[Records from a data source]
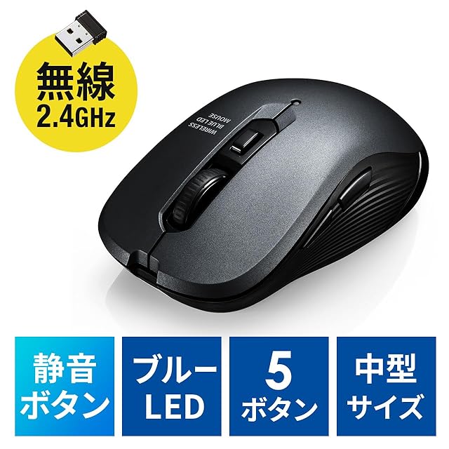 【仕様】接続方式:2.4GHzワイヤレス RF電波方式(※マウスとレシーバー間のIDは固定です。) 通信範囲:木製机(非磁性体)/半径約10m スチール机(磁性体)/半径約2m コネクタ形状:USBコネクタ(Aタイプ) 分解能:800・1200・1600カウント/インチ 読み取り方式:ブルーLEDセンサー方式 ボタン数:5ボタン(進むボタン、戻るボタン、ホイール(スクロール)ボタン、カウント切替えボタン)
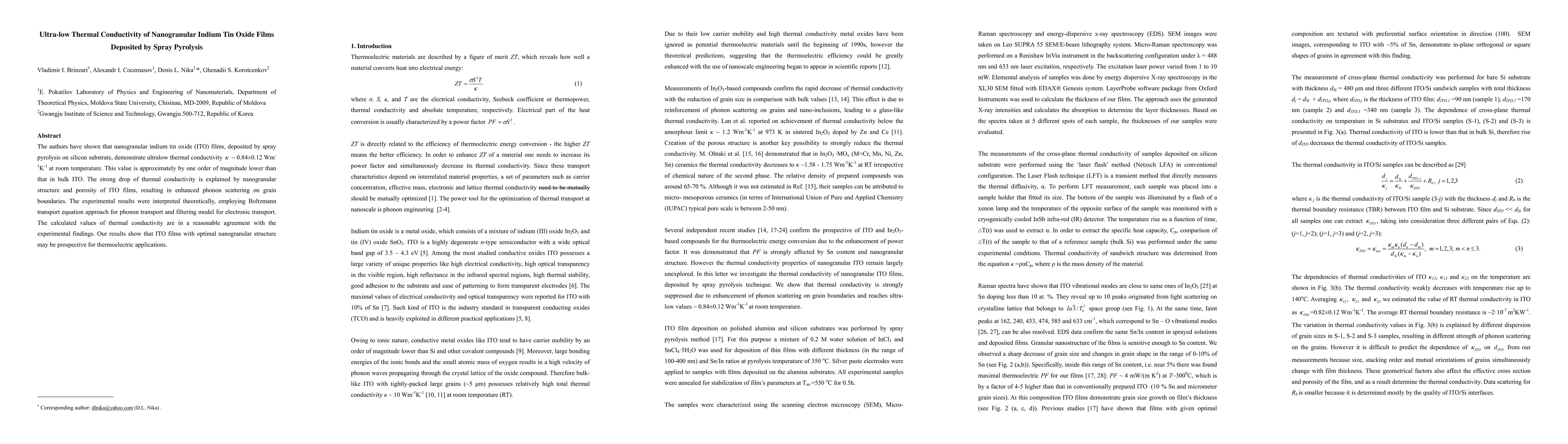 Nanogranular indium tin oxide (ITO) films deposited via spray pyrolysis exhibit ultra-low thermal conductivity (~0.84 ± 0.12 Wm⁻¹K⁻¹), significantly lower than bulk ITO, due to enhanced phonon scattering from grain boundaries and porosity. Theoretical models support these findings, suggesting potential for thermoelectric applications.
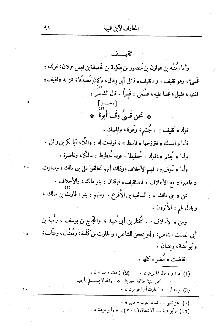 وأما «عوف» ، فهم الأحلاف وذلك أنهم تحالفوا على بنى مالك، وصارت «غاضرة» مع الأحلاف. ف «ثقيف» فرقتان: بنو مالك، والأحلاف.
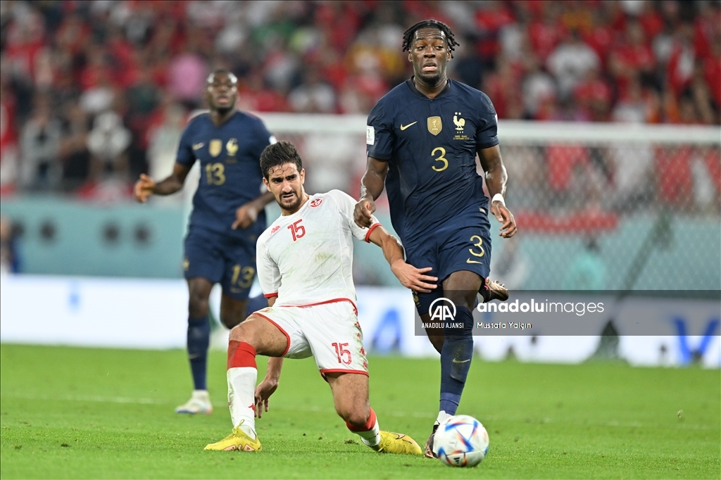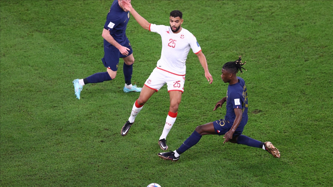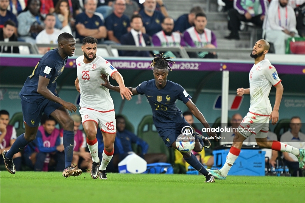Katar'ın ev sahipliğini yaptığı 2022 FIFA Dünya Kupası’nda, D Grubu'nda yer alan Tunus ve Fransa takımları Eğitim Şehri Stadyumu'nda karşılaştı. Bir pozisyonda Tunus takımından Anis Ben Slimane (sol 2) ile Fransız futbolcu Eduardo Camavinga (sağ 2) mücadele etti. ( Mustafa Yalçın - Anadolu Ajansı )Mustafa Yalçın
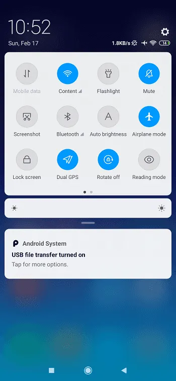 صفحه اصلی همه چیز را اعم از برنامهها و ویجت ها داخل خودش جای داده است. با پایین کشیدن انگشت از بالا به سمت پایین در صفحهنمایش میتوانید بخشی را مشاهده کنید که نامش نوتیفیکیشن بار است. این بخش طراحی متفاوتی با آن چیزی که در گوشیهای اندرویدی امروزی میبینیم دارد. اسلایدر تنظیم روشنایی بسیار زیبا و با اندازه بزرگی در نظر گرفته شده و این امکان را میدهد بهراحتی به کم و زیاد کردن نور صفحه بپردازید. امکان قرار گرفتن 21 سوییچ در این بخش وجود دارد تا تعداد دفعات مراجعه شما به منوی تنظیمات کاهش پیدا کند.
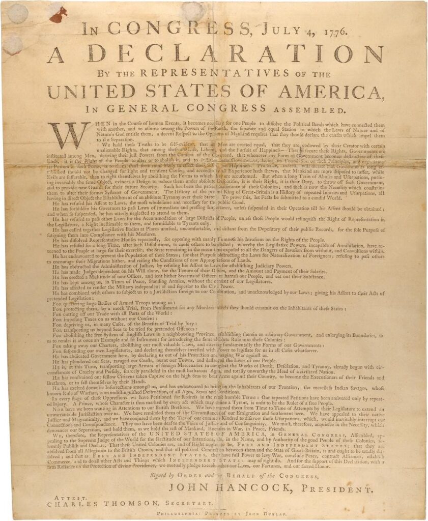 Dunlap, John, Printer, Thomas Jefferson, and United States Creator Second Continental Congress. Dunlap Broadside Declaration of Independence. Philadelphia, Pennsylvania: John Dunlap, -07-04, 1776. Image. Retrieved from the Library of Congress.
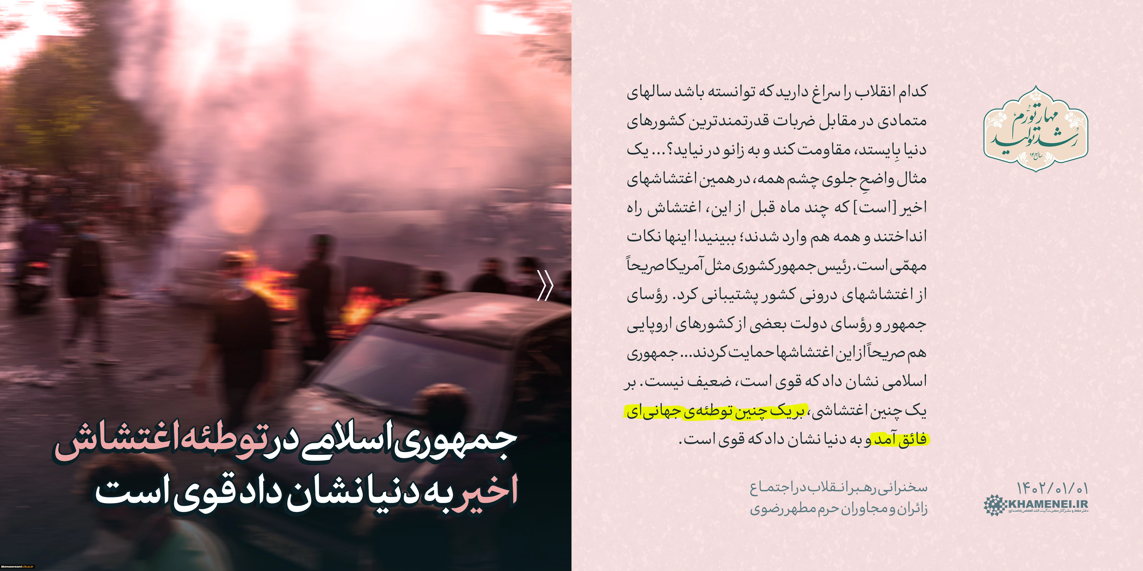 امتیاز دهید : گزیده4بیانات رهبر معظم انقلاب در اجتماع مردم مشهد - نوروز 1402 چهارشنبه 9 فروردین 1402 ساعت 21:40
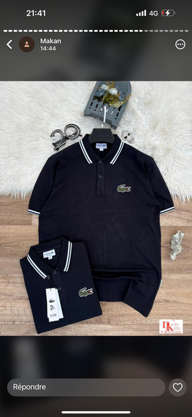 Polo noir avec col vert et détails blancs. Logo brodé sur le devant. Confortable et élégant, idéal pour les occasions décontractées.
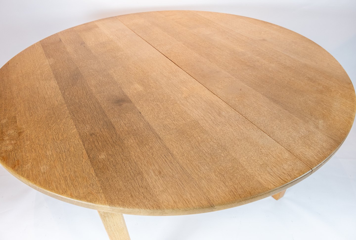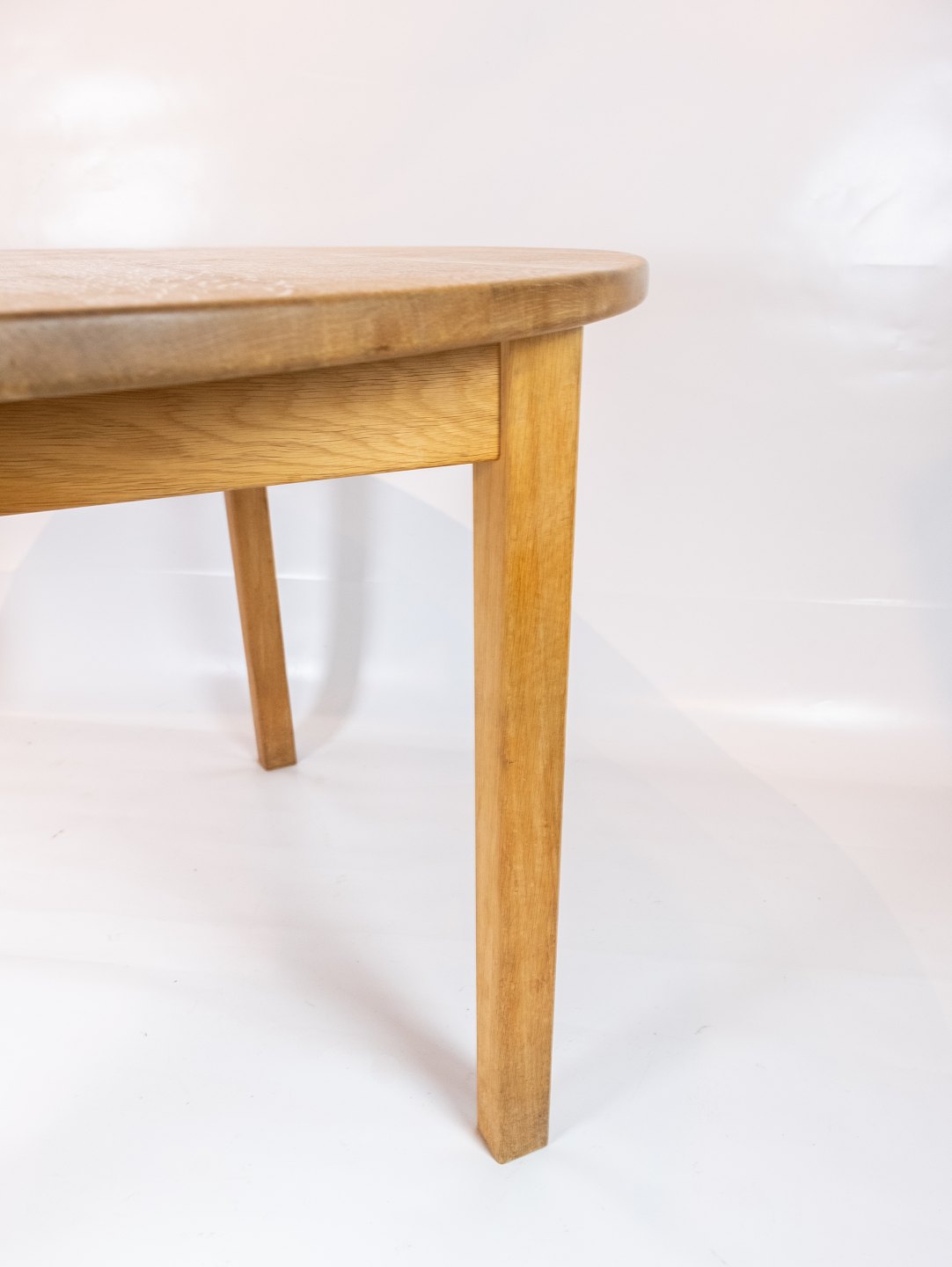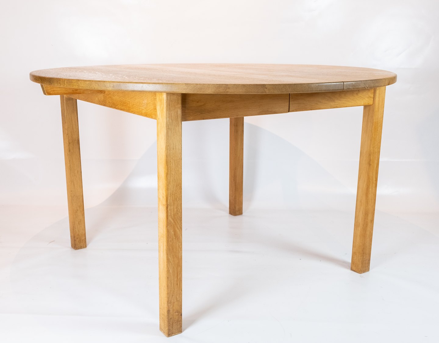 Dining table of oak with extension leaves designed by Kurt Østervig.
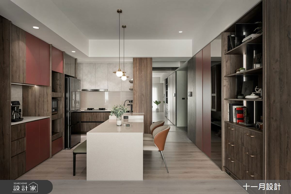 16.5坪現代風小坪數,滑門玄關設計、半開放式廚房與多功能書房一次到位
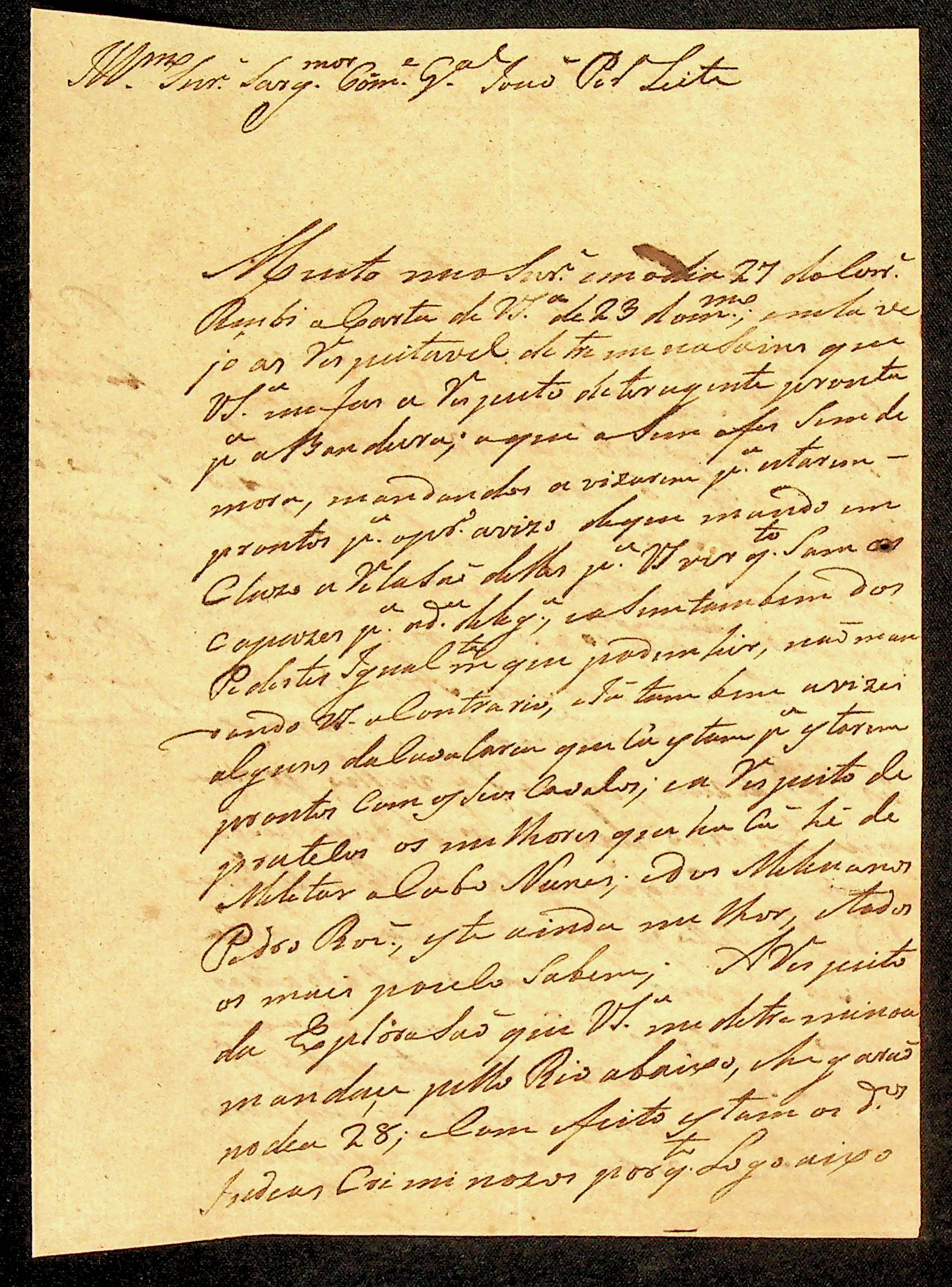 CARTA do [Furriel Comandante] Joaquim Paes Ribeiro ao Sargento-mor Comandante Geral João Pereira Leite.

# AIM OF THE EXERCISE
Above are some entries. Restate word for word the lines from the one holding "بنو مالك، والأحلاف." through the one holding "Katar'ın ev sahipliğini", but not the pictures.

# ANSWER BOX
 وأما «عوف» ، فهم الأحلاف وذلك أنهم تحالفوا على بنى مالك، وصارت «غاضرة» مع الأحلاف. ف «ثقيف» فرقتان: بنو مالك، والأحلاف.
Katar'ın ev sahipliğini yaptığı 2022 FIFA Dünya Kupası’nda, D Grubu'nda yer alan Tunus ve Fransa takımları Eğitim Şehri Stadyumu'nda karşılaştı. Bir pozisyonda Tunus takımından Anis Ben Slimane (sol 2) ile Fransız futbolcu Eduardo Camavinga (sağ 2) mücadele etti. ( Mustafa Yalçın - Anadolu Ajansı )Mustafa Yalçın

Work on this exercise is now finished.